Sotheby’s sales were based on two large consignments from Jaime Ortiz-Patiño and Basia Johnson. The Patiño material was much the finer, being enshrined in a separate owner catalogue (an increasing rarity among auction houses in these budget-conscious days) (see The Art Newspaper No. 18, May 1992, p. 18). A relative novelty for this important property was that, for once, Sotheby’s did not give the consignor a guarantee, correctly judging that with material this good there was little reason to feel the sale would not do splendidly. Although estimates were attractive, they were not unrealistically underpriced: “I don’t believe in low estimates for superb things”, says Sotheby’s French furniture expert Thierry Millerand. “It’s easy to say you have a great sale if you put everything so low”. The Patiño furniture easily surpassed Sotheby’s expectations, however. Every lot sold, bringing the total to $15.8 million (£8.8 million), a record session for a French furniture sale in America.

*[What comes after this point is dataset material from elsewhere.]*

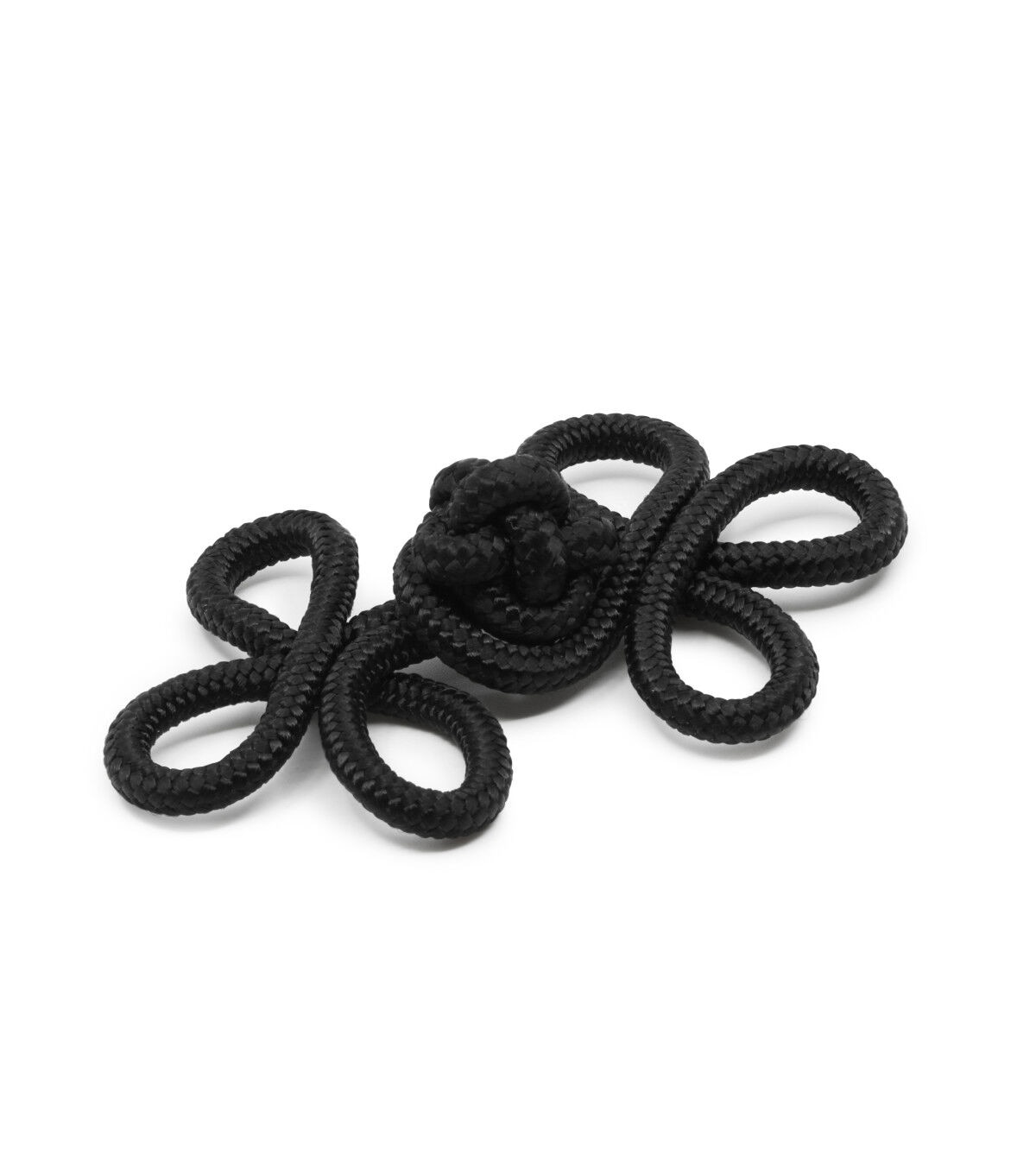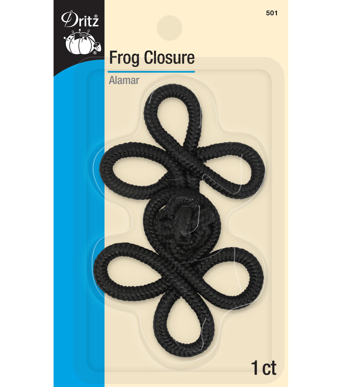 Take your jacket and vest designs up a notch with the Dritz 3 Loop Frog Closure - Black. This pack includes a 4-inch frog closure that flaunts a black shade. It is made of nylon and is machine washable. You can hand-stitch it onto any garment of your choice to give it a decorative upgrade.

The first half of the sale consisted mostly of good solid decorator merchandise, filled with such essentials as bras de lumière and ormolu candlesticks. Most notable among them were a Louis XVI ormolu-and-Wedgwood porcelain mounted clock thermometer and its companion barometer-thermometer attributed to Adam Weisweiler (est. $150-200,000) which sold to a telephone bidder for $250,000 (£138,900) and an amusing pair of painted jeux de loto (essentially eighteenth-century bingo cards in their holders), which sold over the telephone for $60,000 (£33,300) (est. $20-30,000). The most sumptuous of all the decorations was undoubtedly a huge Chinese Ming-dynasty celadon porcelain vase embellished with elaborate and highly wrought ormolu mounts incorporating ring-toothed lions’ heads of around 1760. Strongly estimated at $400-600,000, it survived some slow bidding to sell for $475,000 (£263,900). Of the furniture, one of the rare disappointments (if you can call it that) was the $825,000 (£458,300) sale of an important Louis XIV ormolu-mounted Boulle marquetry bureau plat, around 1710, attributed to André-Charles Boulle, that had been estimated to sell for $1-1.5 million. “If there was a problem with this piece it is that it is not unique”, said Millerand. “There are at least ten other examples of this table known, and that might well have dampened enthusiasm for it”. Additionally, says Millerand, elaborate Louis XIV furniture has a much narrower audience than later eighteenth-century styles, and those that like it may simply not have the space to accommodate such a very large piece of furniture.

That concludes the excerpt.